Despite running into this challenge on multiple occasions, I rarely see Christians talk about it. Is Karma taught in the Bible? This concept from eastern religions like Buddhism and Hinduism is appealing to many. But is karma taught in the Bible, as some claim?

What Do You Mean by “Karma?”

Karma is primarily used in two ways. Before making any response to this question you’ll want to make sure to ask a few of your own and find out what they mean by “Karma.” One is strictly religious and pretty obviously separate from Christianity. Merriam Webster defines it as “the force generated by a person’s actions held in Hinduism and Buddhism to perpetuate transmigration and in its ethical consequences to determine the nature of the person’s next existence” Put another way, what you do in this life will affect you positively or negatively when you reincarnate into your next life. This definition is only relevant to the question if they also believe that reincarnation is biblical, in which case I would start there instead.

What Does the Bible Say?

The more common definition is a much more vague, “What goes around comes around” view of the world. The most common place people point to in order to show that this is a Christian idea is Galatians 6:7. makes the claim, “The Bible refers to karma in the book of Galatians when it says, “Be not deceived; God is not mocked: for whatsoever a man soweth, that shall he also reap.” If you sow evil, you will reap evil in the form of suffering. And if you sow goodness, you will reap goodness in the form of inner joy. Every action, every thought, brings about its own corresponding rewards. Human suffering is not a sign of God’s anger with mankind. It is a sign, rather, of man’s ignorance of the divine law.”

Is That What Paul Meant?

If we look at just this one verse, it does seem to indicate that karma is taught in the Bible. But I think we may be reading a bit too far into that one verse. Throughout scripture we are told of our human sinful nature that separates us from God. But it’s the grace of God through the sacrifice of Jesus that bridges that gap and gives us true joy and hope. The good works we do are supposed to stem from what has been done for us, not because we want a reward, or fear the consequence. We are told numerous times in the Bible that God does reward good deeds and punish evil. Karma is only in the Bible insofar as justice is.

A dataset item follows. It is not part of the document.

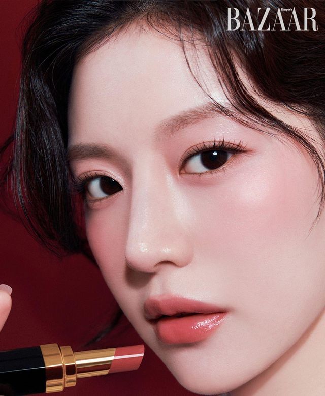 고윤정의 맑고 투명한 피부가 돋보이는 뷰티 룩. 인텐스 라즈베리 핑크 컬러인 ‘루쥬 코코 플래쉬’ 91 보헴이 하얀 피부 톤을 더욱 환하게 밝혀준다. ‘울트라 르 뗑 플루이드 파운데이션’으로 피붓결을 살리고, ‘레 베쥬 아이섀도우 팔레트’ 골든의 소프트 새틴 코럴 컬러로 눈가에 부드러운 음영을 얹었다. 풀 립으로 바른 91 보헴 컬러가 시선을 사로잡는다.

It does not take a historian to see that what goes around does not always come around on this Earth. The wicked go unpunished and the good suffer through hardship every day. Perfect justice is only achieved by God, in his time. But God has set things up to where we can be forgiveness, instead of receiving our due punishment. What goes around will not ultimately come around, because Jesus paid the price once and for all.